Data to examine START

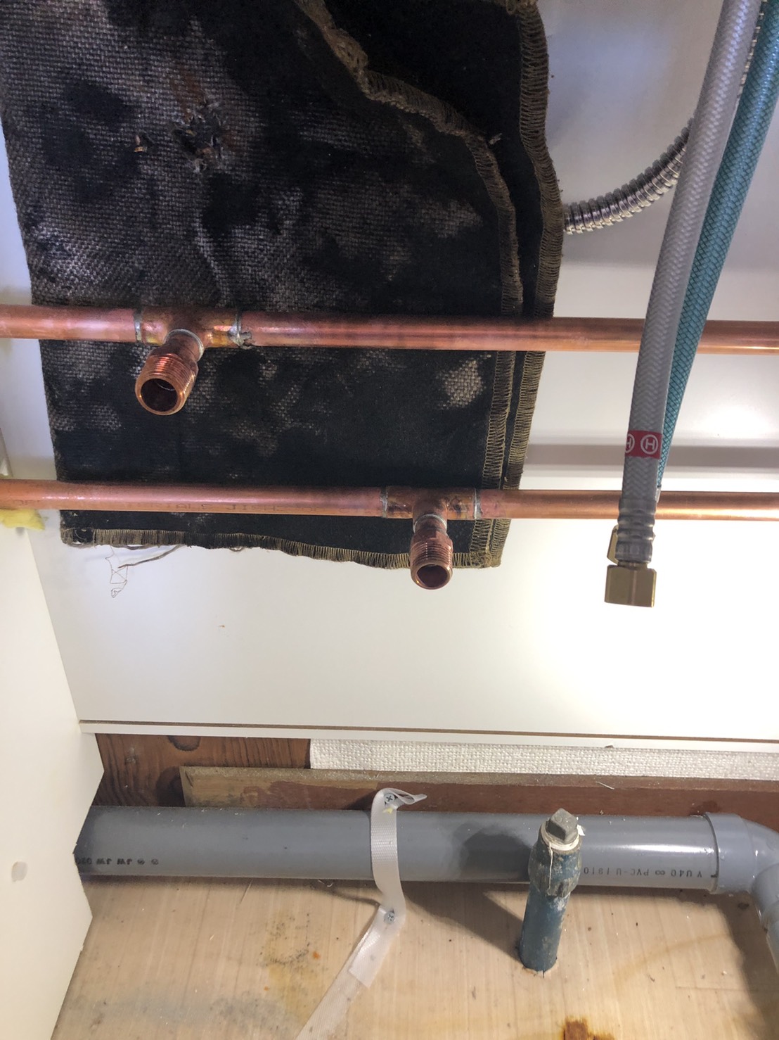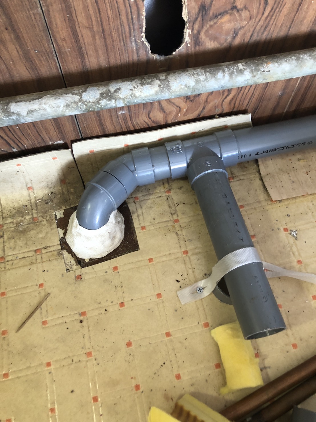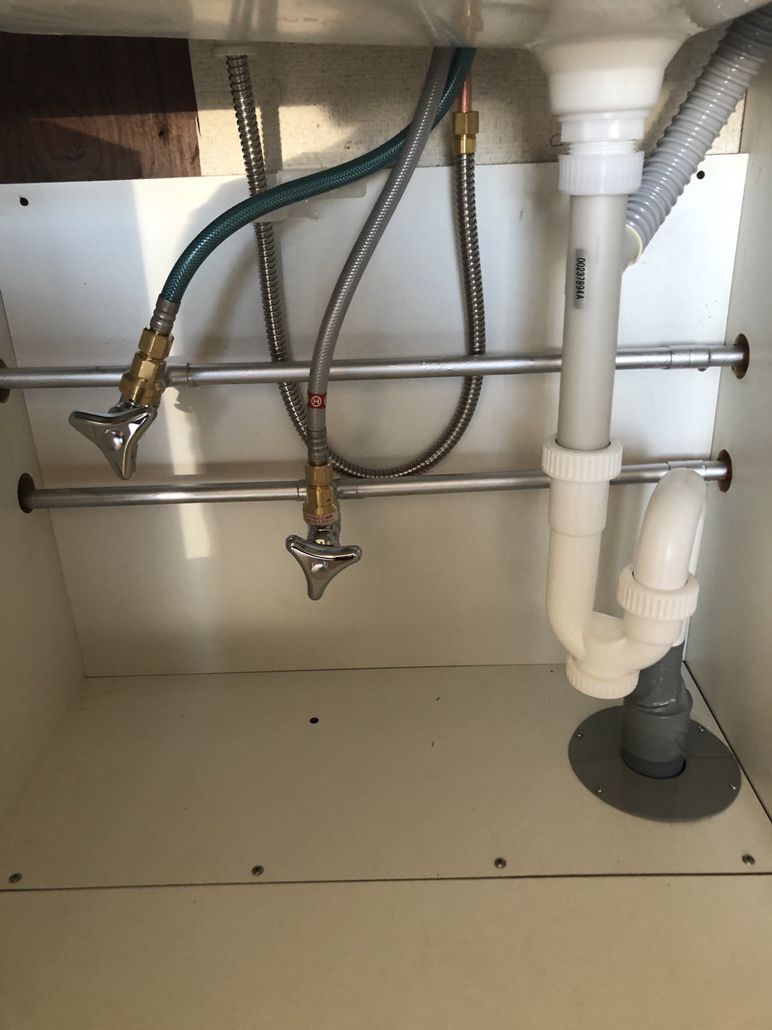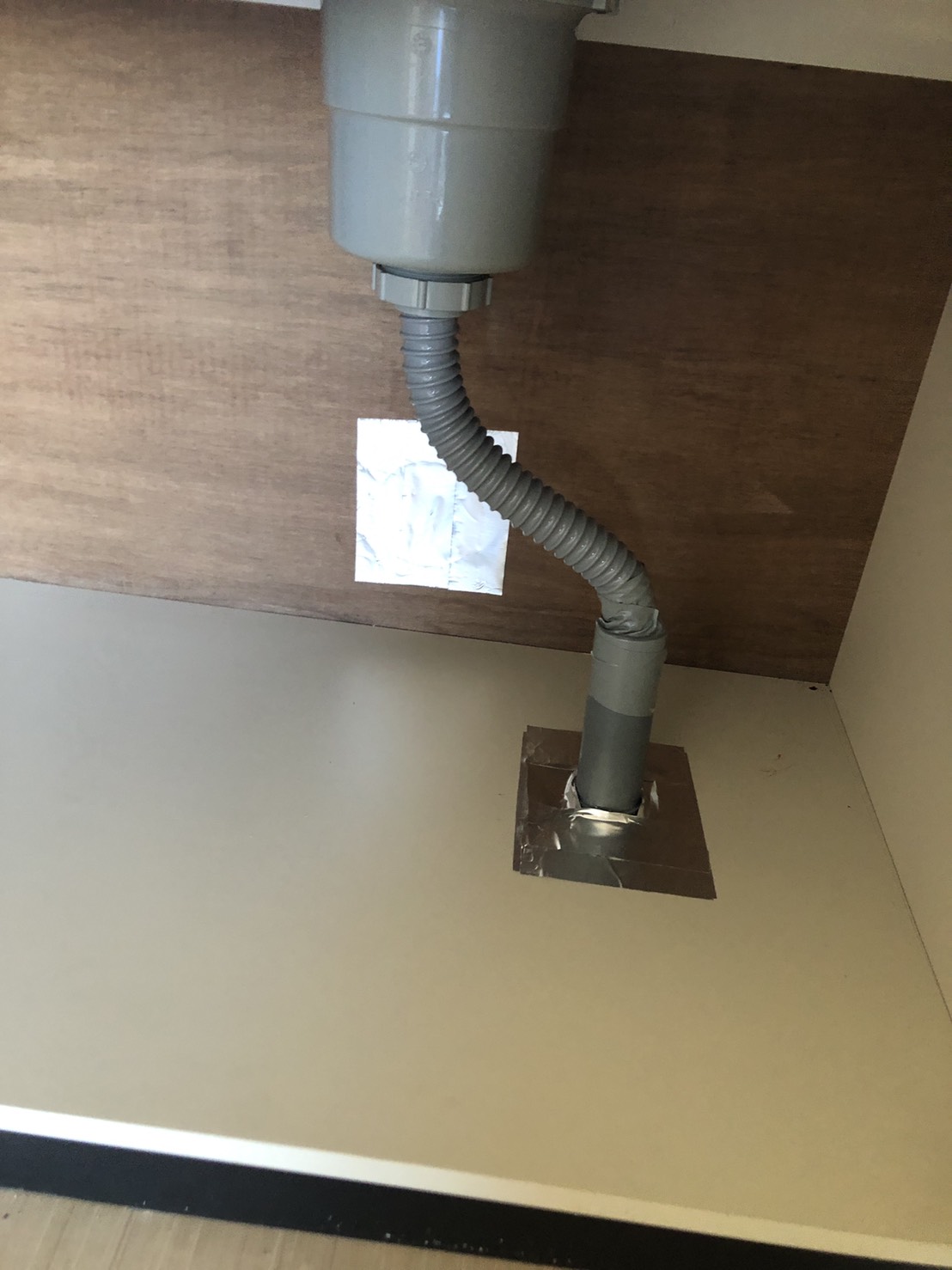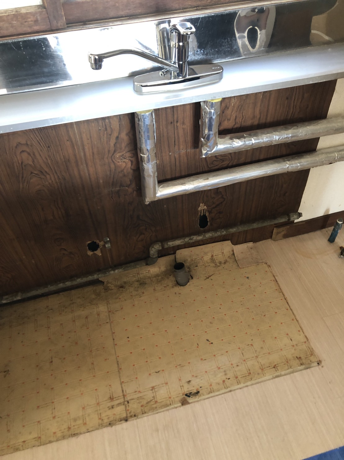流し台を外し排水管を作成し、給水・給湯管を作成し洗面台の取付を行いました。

Data to examine END
Data to examine START

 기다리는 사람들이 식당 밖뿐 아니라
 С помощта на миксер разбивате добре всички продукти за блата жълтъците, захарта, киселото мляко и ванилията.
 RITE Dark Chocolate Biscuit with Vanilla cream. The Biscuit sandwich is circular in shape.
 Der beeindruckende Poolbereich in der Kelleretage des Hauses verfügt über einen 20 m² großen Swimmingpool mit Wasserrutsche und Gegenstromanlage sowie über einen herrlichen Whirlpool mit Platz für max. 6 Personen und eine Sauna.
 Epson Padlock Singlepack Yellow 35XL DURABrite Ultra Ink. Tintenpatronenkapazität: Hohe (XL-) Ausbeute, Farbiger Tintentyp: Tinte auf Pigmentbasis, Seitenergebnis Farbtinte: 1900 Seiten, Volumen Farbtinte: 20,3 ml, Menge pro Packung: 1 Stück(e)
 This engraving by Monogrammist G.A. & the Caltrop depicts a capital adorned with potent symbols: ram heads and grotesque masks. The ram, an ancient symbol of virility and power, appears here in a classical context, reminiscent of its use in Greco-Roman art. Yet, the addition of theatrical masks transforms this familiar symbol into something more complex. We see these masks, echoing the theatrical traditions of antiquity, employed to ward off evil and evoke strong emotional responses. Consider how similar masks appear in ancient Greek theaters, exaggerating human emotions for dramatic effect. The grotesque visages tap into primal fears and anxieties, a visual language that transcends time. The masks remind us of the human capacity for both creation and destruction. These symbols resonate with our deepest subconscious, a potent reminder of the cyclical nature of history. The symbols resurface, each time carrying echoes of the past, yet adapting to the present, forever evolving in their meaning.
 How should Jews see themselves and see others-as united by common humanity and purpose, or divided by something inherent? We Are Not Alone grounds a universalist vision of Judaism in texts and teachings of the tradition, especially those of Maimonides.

Data to examine END
Data to examine START

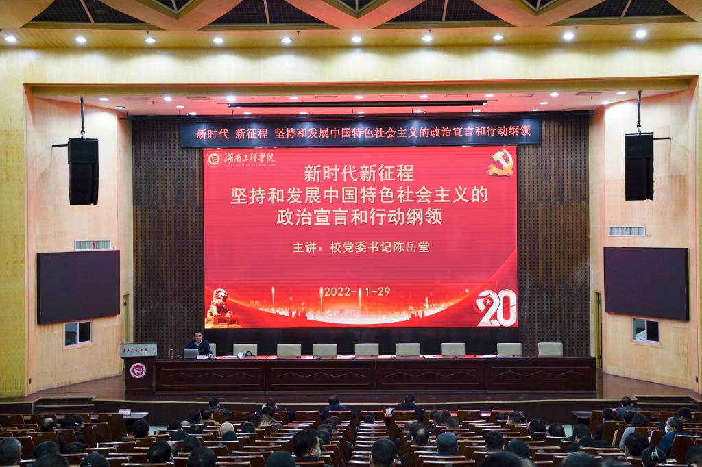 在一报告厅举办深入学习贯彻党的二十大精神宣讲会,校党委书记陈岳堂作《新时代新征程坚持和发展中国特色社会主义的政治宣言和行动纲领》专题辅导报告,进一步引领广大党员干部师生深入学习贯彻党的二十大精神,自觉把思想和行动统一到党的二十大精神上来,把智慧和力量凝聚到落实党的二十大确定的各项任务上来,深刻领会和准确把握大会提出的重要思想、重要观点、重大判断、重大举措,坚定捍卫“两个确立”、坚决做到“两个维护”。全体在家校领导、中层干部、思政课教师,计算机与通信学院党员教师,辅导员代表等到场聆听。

Data to examine END

- _What this task involves_
Could you return exactly the lines above from the line with "С помощта на" to the line with "RITE Dark Chocolate", both included, and nothing else?

- _Completed task_
 С помощта на миксер разбивате добре всички продукти за блата жълтъците, захарта, киселото мляко и ванилията.
 RITE Dark Chocolate Biscuit with Vanilla cream. The Biscuit sandwich is circular in shape.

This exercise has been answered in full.